The Airports Corporation of Vietnam (ACV) has chosen the Vietur consortium led by Turkish contractor IC Içtas to build the $1.5bn terminal for Long Thanh International Airport, website VNExpress reports.
The appointment ends a search that began in September last year, when ACV first issued a tender for the 372,000-sq-m building. This attracted only one bid from a domestic consortium, which failed to meet ACV’s requirements.
The operator then put out a new tender in March, and this has resulted in three bids, of which only Vietur qualified in the technical round. In the end, the appointment was made about three months later than envisaged.
As well as IC Içtas, it will include nine Vietnamese companies, including state-owned investment company Vinaconex and Construction Corporation No 1. Other members include private companies Ricons, Newtecons, Sol E&C, and Hanoi Construction Corporation.
IC Içtas was founded in 1969 and has built airports in Russia, Bulgaria, and Turkey, as well as domestic megaprojects such as the Akkuyu Nuclear Power Plant and the Yavuz Sultan Selim Bridge over the Bosphorus.

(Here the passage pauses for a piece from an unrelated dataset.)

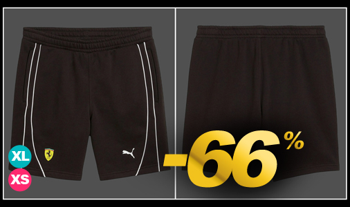 Short mixte Ferrari - Tailles XS / XL seulement Matière 66% coton / 34% Polyester - Taille élastiquée et cordon de serrage 2 poches latérales zippées - Couleur Noir Puma 701228037-001
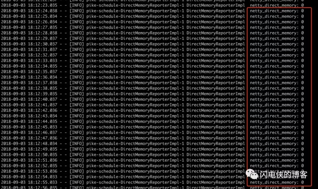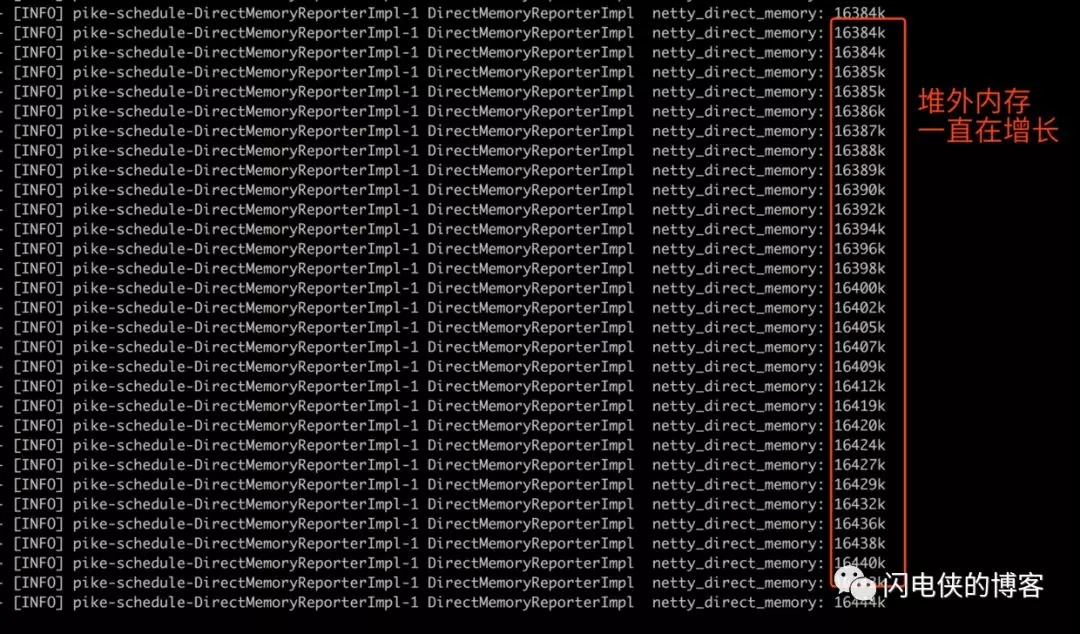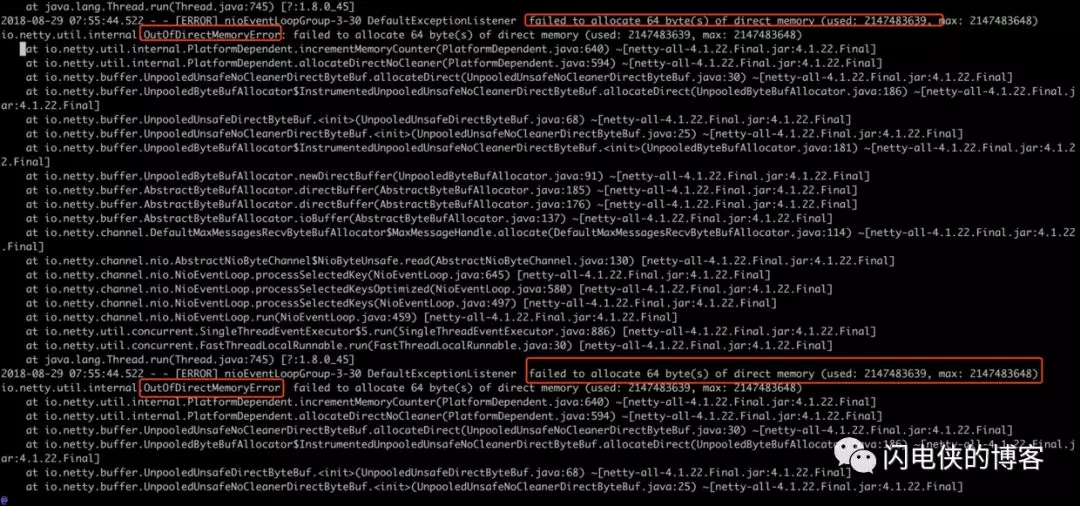在极短的时间内,狂打 failed to allocate64(bytes)of direct memory(...)日志(瞬间十几个日志文件,每个日志文件几百M),日志里抛出一个 netty 自己封装的 OutOfDirectMemoryError,说白了,就是堆外内存不够用了,netty 一直在喊冤。

Long Thanh will be built on a site in Dong Nai Province about 40km east of Ho Chi Minh City. ACV has raised some $6.1bn to carry out the scheme, although the expected construction cost for the first phase is $4.1bn.
The total project has been costed at $16bn and will be divided into three phases. The first will include the runway and the terminal, which will be able to serve 25 million passengers a year.
In phase two, a second runway will be added, along with another terminal to serve 50 million passengers a year. Phase three will expand the facility so the airport can serve 100 million passengers a year.
It will replace Tan Son Nhat International Airport as the largest and busiest in Vietnam.
As well as the airport itself, there will be a 38km light rail connection with Thu Thiem, just east of Ho Chi Minh City, and a connection with a future north-south high-speed railway.
Work on the runway began in December last year, almost two years after the project’s groundbreaking ceremony. It follows calls from the country’s prime minister to expedite the work.